Exercise description
Each line of the data below holding the word "from" must be copied.

Records provided
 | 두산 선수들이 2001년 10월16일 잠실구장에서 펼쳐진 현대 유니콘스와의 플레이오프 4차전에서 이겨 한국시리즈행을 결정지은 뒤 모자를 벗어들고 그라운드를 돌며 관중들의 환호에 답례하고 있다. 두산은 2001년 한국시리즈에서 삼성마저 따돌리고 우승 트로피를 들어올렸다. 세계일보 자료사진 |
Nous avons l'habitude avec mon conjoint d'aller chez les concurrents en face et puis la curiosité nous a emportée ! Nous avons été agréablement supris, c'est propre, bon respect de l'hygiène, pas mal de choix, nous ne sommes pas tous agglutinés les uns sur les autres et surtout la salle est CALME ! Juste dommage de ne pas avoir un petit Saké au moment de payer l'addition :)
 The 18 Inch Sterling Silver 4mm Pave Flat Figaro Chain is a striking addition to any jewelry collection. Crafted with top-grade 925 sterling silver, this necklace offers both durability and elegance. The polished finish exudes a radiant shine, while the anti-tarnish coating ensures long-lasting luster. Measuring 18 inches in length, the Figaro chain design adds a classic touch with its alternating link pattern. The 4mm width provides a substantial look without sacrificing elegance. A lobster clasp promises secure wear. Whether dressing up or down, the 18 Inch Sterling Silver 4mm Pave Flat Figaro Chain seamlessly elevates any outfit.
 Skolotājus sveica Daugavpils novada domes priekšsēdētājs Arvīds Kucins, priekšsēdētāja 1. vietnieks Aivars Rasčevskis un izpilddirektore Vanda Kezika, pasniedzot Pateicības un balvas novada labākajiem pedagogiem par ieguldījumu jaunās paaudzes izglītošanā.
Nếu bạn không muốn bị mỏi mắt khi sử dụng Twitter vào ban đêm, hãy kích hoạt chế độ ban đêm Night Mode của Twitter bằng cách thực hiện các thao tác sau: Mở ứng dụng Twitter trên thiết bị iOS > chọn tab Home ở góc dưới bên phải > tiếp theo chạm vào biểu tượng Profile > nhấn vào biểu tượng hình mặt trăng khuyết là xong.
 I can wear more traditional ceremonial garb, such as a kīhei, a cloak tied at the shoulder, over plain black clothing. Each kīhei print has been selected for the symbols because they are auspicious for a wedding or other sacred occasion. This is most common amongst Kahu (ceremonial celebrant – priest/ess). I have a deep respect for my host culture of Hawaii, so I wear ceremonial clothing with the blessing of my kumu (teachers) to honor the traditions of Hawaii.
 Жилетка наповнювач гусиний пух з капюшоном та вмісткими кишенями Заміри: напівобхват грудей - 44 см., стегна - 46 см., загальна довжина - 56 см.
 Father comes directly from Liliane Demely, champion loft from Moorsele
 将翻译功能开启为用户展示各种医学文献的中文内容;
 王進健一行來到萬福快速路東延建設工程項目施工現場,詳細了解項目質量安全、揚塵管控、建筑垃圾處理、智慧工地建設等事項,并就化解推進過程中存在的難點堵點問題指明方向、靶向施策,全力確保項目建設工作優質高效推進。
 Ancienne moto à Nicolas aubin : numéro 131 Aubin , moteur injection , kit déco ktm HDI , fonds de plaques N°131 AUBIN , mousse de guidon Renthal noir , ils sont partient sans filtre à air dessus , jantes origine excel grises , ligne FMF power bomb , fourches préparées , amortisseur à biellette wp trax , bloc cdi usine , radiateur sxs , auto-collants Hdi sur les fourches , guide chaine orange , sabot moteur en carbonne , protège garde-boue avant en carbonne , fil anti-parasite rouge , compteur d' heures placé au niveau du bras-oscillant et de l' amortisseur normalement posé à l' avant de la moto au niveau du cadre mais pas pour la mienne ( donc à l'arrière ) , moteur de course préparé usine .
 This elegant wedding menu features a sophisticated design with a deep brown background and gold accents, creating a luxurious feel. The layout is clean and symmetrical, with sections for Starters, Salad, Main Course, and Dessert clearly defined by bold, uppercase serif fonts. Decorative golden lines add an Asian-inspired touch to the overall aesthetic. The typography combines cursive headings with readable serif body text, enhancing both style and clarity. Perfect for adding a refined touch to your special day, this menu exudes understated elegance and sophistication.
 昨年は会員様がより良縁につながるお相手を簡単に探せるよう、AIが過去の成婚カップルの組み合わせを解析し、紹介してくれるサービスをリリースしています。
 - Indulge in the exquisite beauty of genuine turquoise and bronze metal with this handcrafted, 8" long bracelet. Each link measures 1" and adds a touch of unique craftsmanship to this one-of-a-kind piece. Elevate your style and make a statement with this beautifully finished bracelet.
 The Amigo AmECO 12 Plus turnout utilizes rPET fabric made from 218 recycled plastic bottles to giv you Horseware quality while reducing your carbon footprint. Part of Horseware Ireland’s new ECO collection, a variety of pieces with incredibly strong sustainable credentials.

Exercise result
 Father comes directly from Liliane Demely, champion loft from Moorsele
 The Amigo AmECO 12 Plus turnout utilizes rPET fabric made from 218 recycled plastic bottles to giv you Horseware quality while reducing your carbon footprint. Part of Horseware Ireland’s new ECO collection, a variety of pieces with incredibly strong sustainable credentials.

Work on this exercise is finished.